◆ **THE DATA**

---

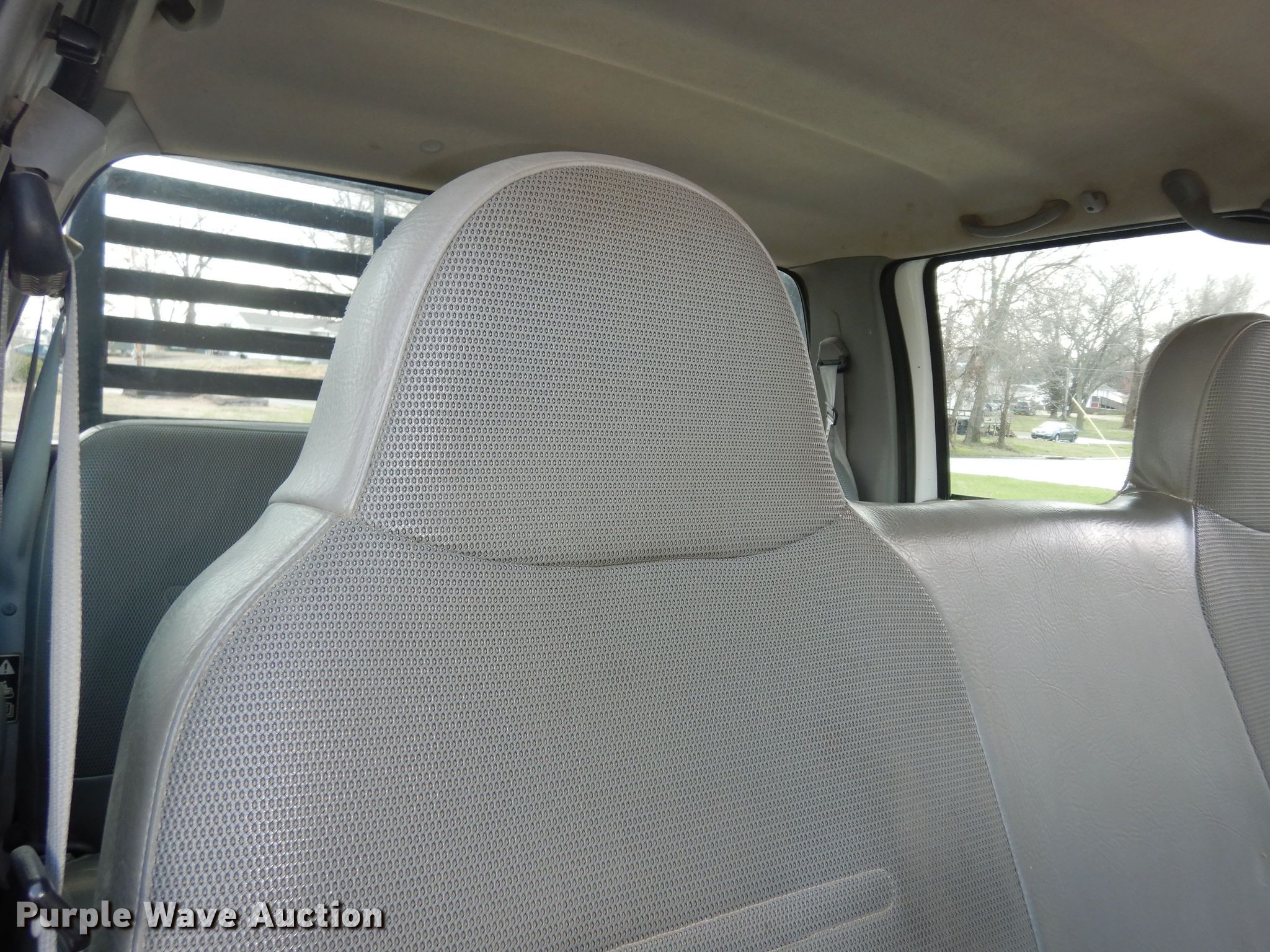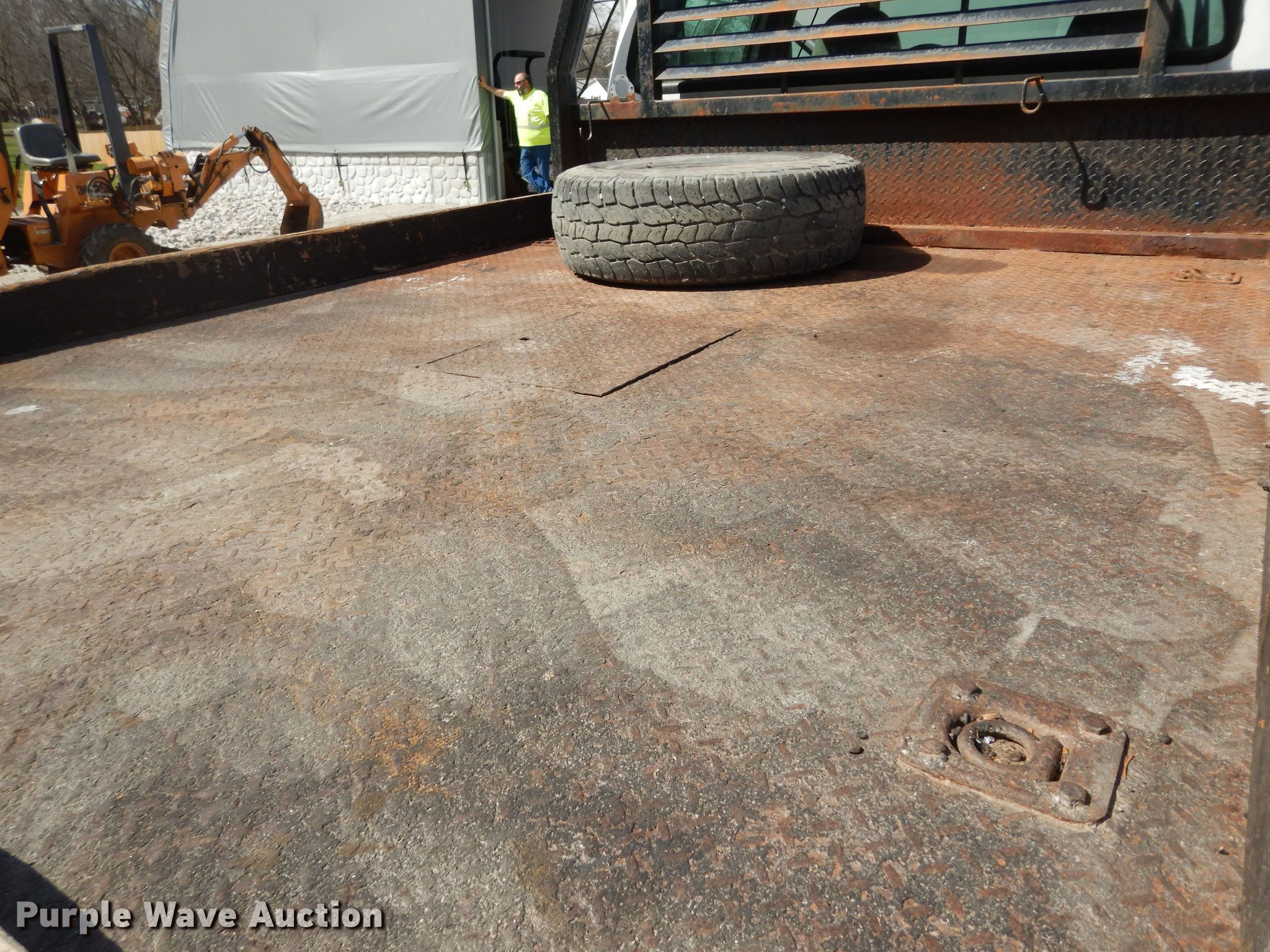 2002 Ford F350 Super Duty XL Crew Cab flatbed pickup truck. Miles: 100,213 on odometer, VIN: 1FTSW31L42ED28027, Unit #: 11. Engine Displacement: 5.4L V8 SOHC, Cylinders: 8, Fuel type: Gas. Transmission Automatic, Four wheel drive. Interior AC, Heat, Cruise control. Features Flatbed 102" L x 7' W. Tires Size: 265/75R16. Notes Decals will be removed prior to auction, Possible engine issues Oil leak, Coolant leak. Kansas title. Osawatomie, KS 66064
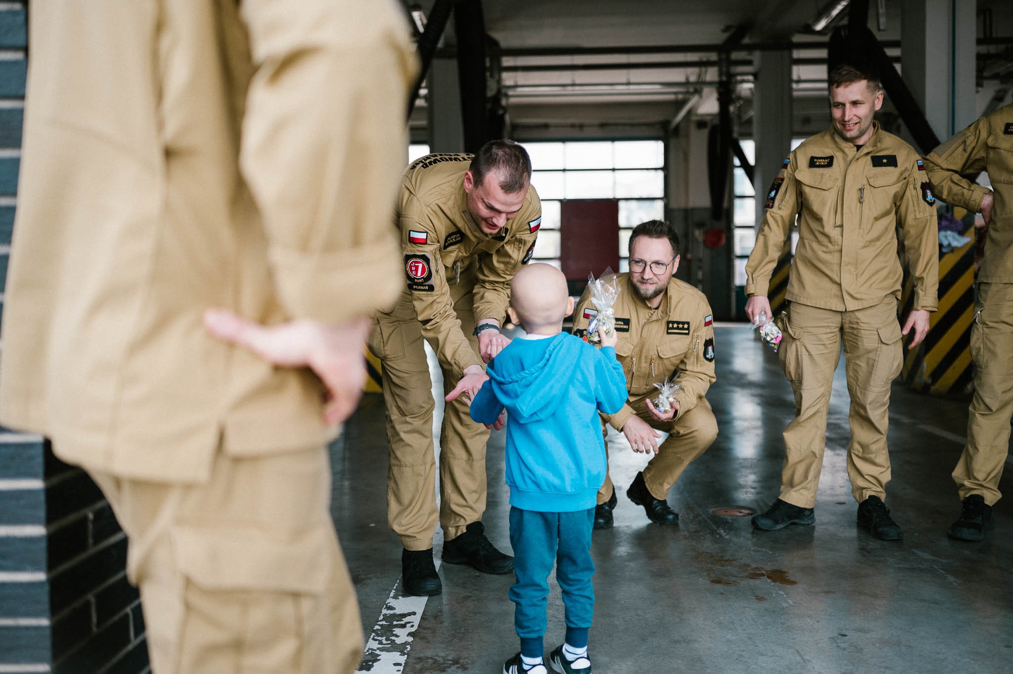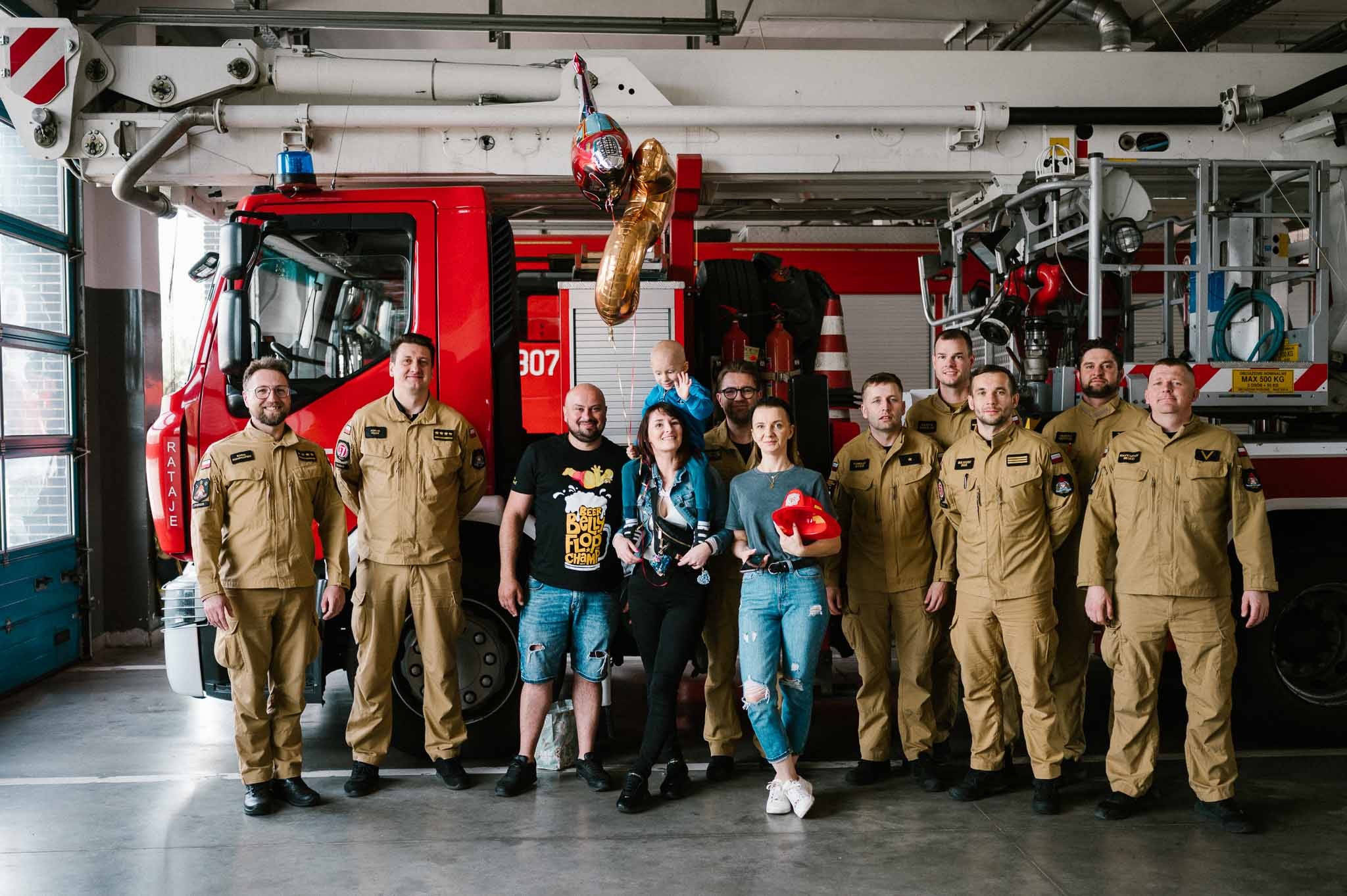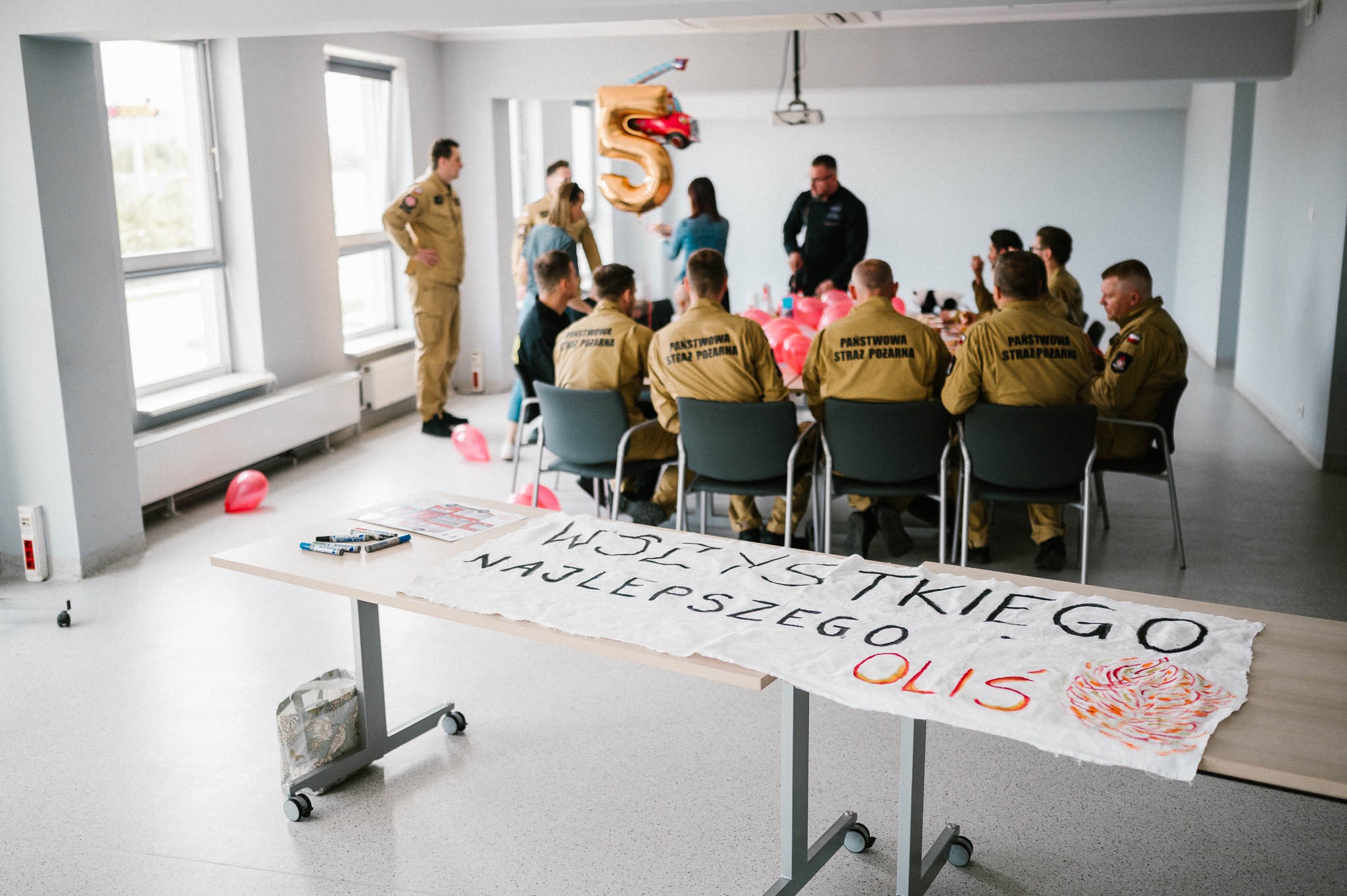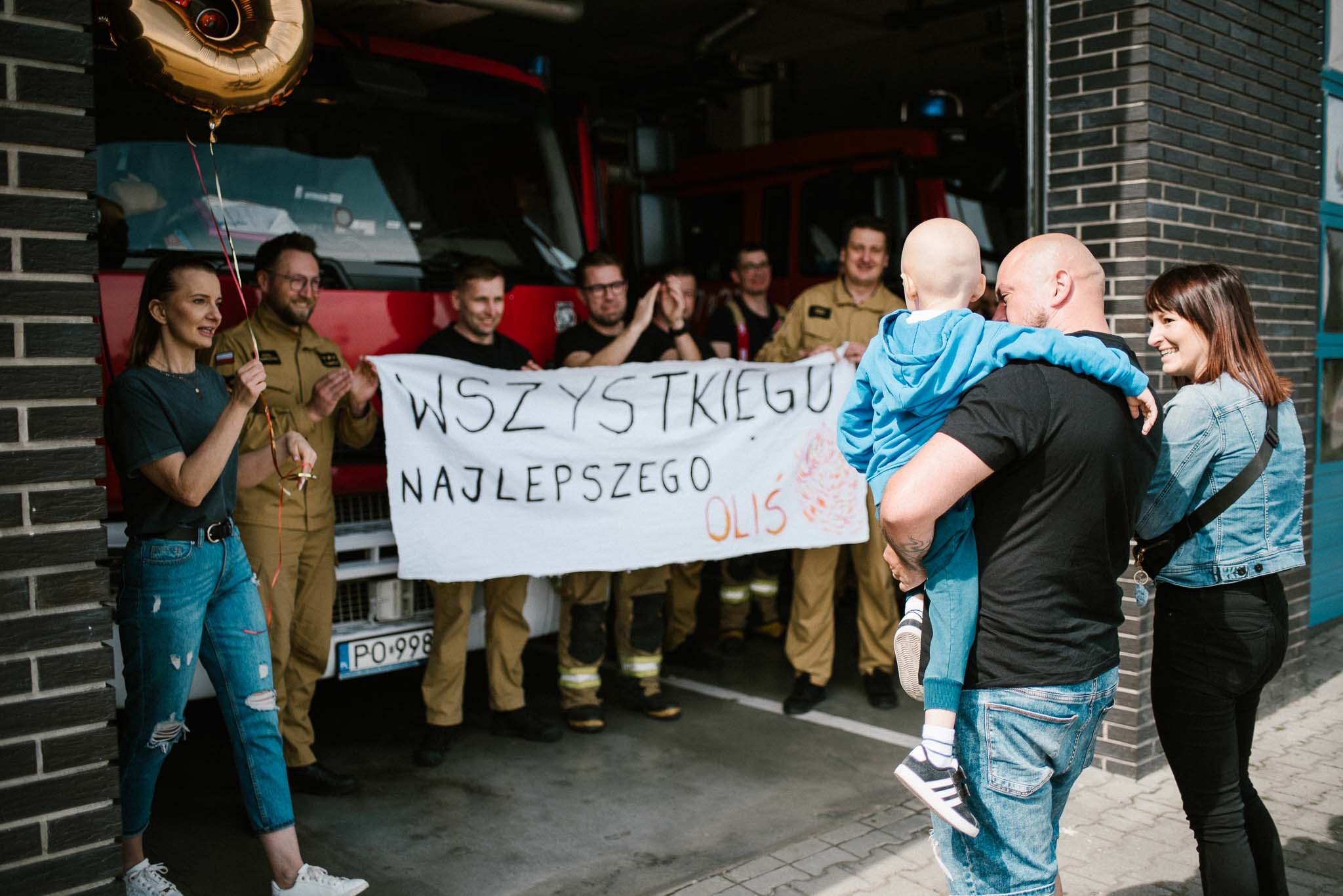 na głośnikach pojawiła się zapowiedź do wyjazdu: „Uwaga! Uwaga! Zastęp GBA uda się alarmowo na plac wewnętrzny Jednostki Ratowniczo-Gaśniczej nr 7 i ugasi…pachołki”, dzielny Oliś w asyście kolegów strażaków ze zmiany udał się na miejsce. Tam jak na strażaka przystało, ugasił pożar. Po powrocie na koszary, na naszego małego solenizanta czekał tort, szampan borówkowy i prezenty!
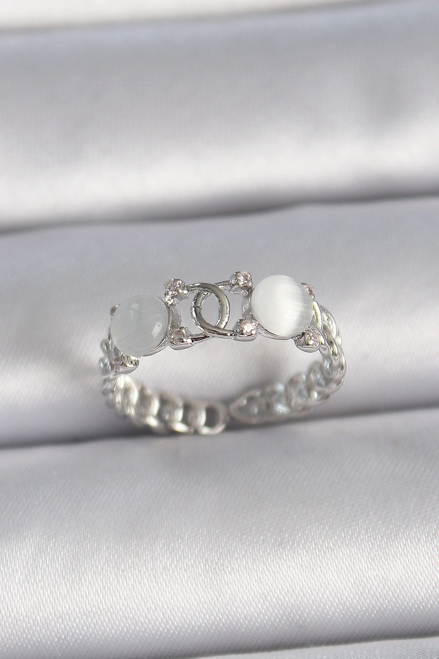 Nova Bazaar Pirinç Gümüş Renk Ayarlanabilir Zirkon Taşlı Beyaz Mineli Birleşik Halka Model Kadın Yüzük Gümüş

---

◆ **WHAT THE EXERCISE ASKS**
Emit an exact copy of the lines from the line bearing "na głośnikach pojawiła" through the last line above, inclusive, and leave the images out.

◆ **EXPECTED OUTPUT**
 na głośnikach pojawiła się zapowiedź do wyjazdu: „Uwaga! Uwaga! Zastęp GBA uda się alarmowo na plac wewnętrzny Jednostki Ratowniczo-Gaśniczej nr 7 i ugasi…pachołki”, dzielny Oliś w asyście kolegów strażaków ze zmiany udał się na miejsce. Tam jak na strażaka przystało, ugasił pożar. Po powrocie na koszary, na naszego małego solenizanta czekał tort, szampan borówkowy i prezenty!
 Nova Bazaar Pirinç Gümüş Renk Ayarlanabilir Zirkon Taşlı Beyaz Mineli Birleşik Halka Model Kadın Yüzük Gümüş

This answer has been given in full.